You can also use Regular Expressions to add text in a repeatable sort of way. For example, if I wanted to add "http://" to the beginning of every line, I would search for ^ (that's shift + 6), and type "http://" in the replace box. After clicking "Replace All," I'd get a list that looked like this:
- http://tuaw.com
- http://apple.com
- http://last.fm
- http://navy.mil
- http://google.com
- http://code.google.com
You can do the same thing for adding text to the ends of lines by searching for $. Just as ^ is the way to find the beginning of a line, $ is the way to find the end of a line.
This is just the very tippy top of the massive iceberg that is Regular Expressions. For example, you could find any email address in a text document by searching for \b[A-Z0-9._%+-]+@[A-Z0-9.-]+.[A-Z]{2,4}\b. Scary! But there are plenty of sites to help you learn about RegEx, and even help you build search queries.
- regular-expressions.info is a great resource for learning about RegEx, including an excellent tutorial. (This is also where I got that giant email search query.)
- You can download a fantastic RegEx cheat sheet from Added Bytes.
- RegExr is an excellent web-based utility that helps you construct a RegEx query by showing you results in real time. Hits are highlighted as you write your expression.

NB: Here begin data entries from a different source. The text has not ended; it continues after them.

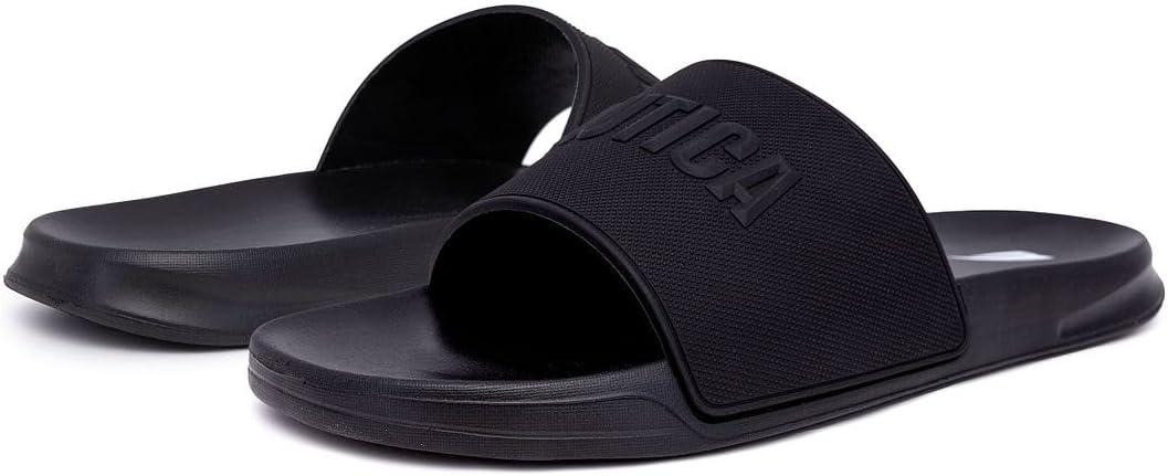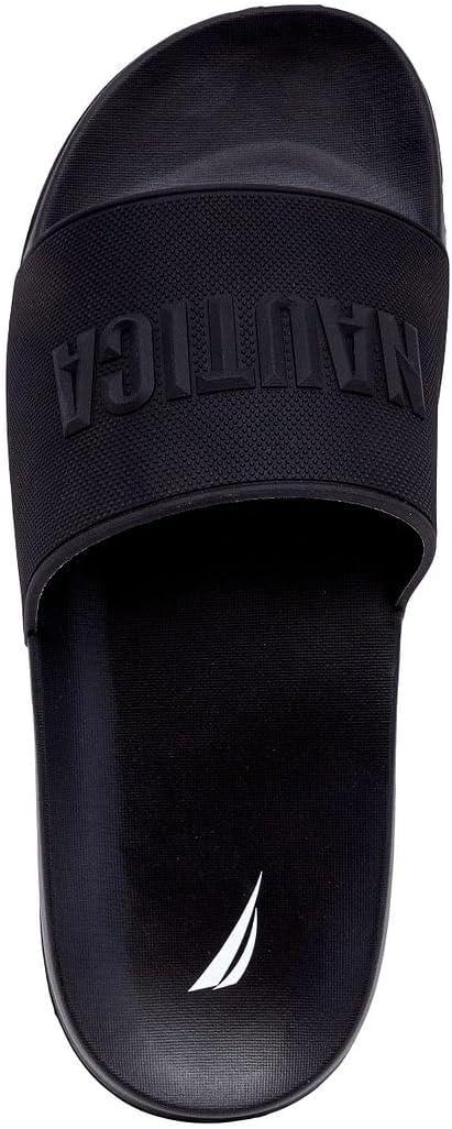 Nautica Men's Open Toe Slide Sandals - Comfortable Indoor & Outdoor Shower Slippers(Black-lasal)
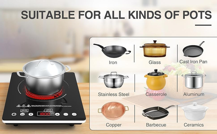 - 【Compatible with All Kinds of Kitchenware】The electric cooktop uses infrared rays for heating, so you don't have to worry about the suitability of your pots and pans, and you can choose your favorite pots and pans for cooking.
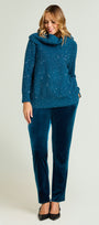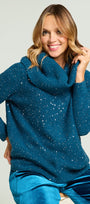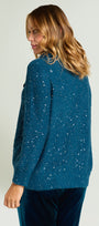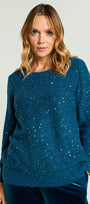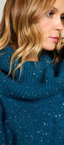 Maglia soft touch in filato full-paillettes. Punto rovescio in finezza 7 con bordi in costa. Scollatura a barchetta con collo ad anello staccabile.
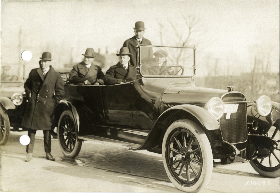 View of men in Chalmers car during Chalmers Motor Company sales convention. Stamped on back: "Spooner & Wells, Inc., photographers, 1231 Woodward Ave., Detroit, Mich." Handwritten on back: "Dealerships--Chalmers, 1915. Chalmers dealers. Convention, Nov. 15, 16 & 17, 1915. Taken for Chalmers Motor Co."

If you have a favorite RegEx tip aimed at beginners, feel free to share in comments!
Get a WordPress.com Blog
![TUAW [Cafepress]](http://www.blogsmithmedia.com/www.tuaw.com/media/tuaw-cafepress-promo.png)


Reader Comments (Page 1 of 1)
Ichthydru said 4:11PM on 9-08-2008
Although ".+.com" could also match anythingcom as the ".+" part would match "anythin", the . (meaning any character) would match the "g", and the "com" matching... any guesses?
Reply
JTaby said 4:48PM on 9-08-2008
".+\.com"
Eric said 4:16PM on 9-08-2008
Your initial example is just slightly too general.
Instead of using ".+.com" I would use ".+\.com$" to make sure that ".com" is at the end. Likewise, searching for just ".com" would match a line like:
www.commons.org
or
haleyscomet.org
Also, kudos for including "+" in e-mail address. Many e-mail filters leave that out.
Reply
Robert Palmer said 4:22PM on 9-08-2008
Thanks -- though I can't take credit for the email filter ... as I noted, it came from regular-expressions.info.
And thanks also for the $ catch ... I've added that to the story.
Matti Niemelä said 4:38PM on 9-08-2008
\b[A-Z0-9._%+-]+@[A-Z0-9.-]+.[A-Z]{2,4}\b
Please do NOT use this, since starting 2009, ICANN (or whatever) has agreed to custom top level domains, which means I could buy myself (for something like 100k$) my-domain.apple -address (if I'll be faster than Apple, that is. And had that money.)
This means that my .apple TLD wouldn't validate with that RegEx.
Reply
eropuri said 12:13AM on 9-09-2008
Well, that is true, but there are already top-level domains that would not be matched by this. .MUSEUM fails this regexp, and is in use today. All of the IDN domains (non-ASCII domain names) fail this regexp. So it is poorly conceived.
Shan said 7:00PM on 9-08-2008
RegExr is also available as a desktop app for Mac/Win/Lin, thanks to Adobe Flex and AIR.
http://gskinner.com/RegExr/desktop/
Reply
Jfro said 5:39PM on 9-08-2008
http://rubular.com/ is another good online regex testing site, sans flash which is a bonus in my book.
Reply
Tom said 5:05PM on 9-08-2008
Regexp's rock!
Possibly a better way to use the pipe character is to surround the expressions you are 'or'ing in parentheses:
.+\.(com|mil|fm|org)$
The pipe then applies only to those items listed in parens.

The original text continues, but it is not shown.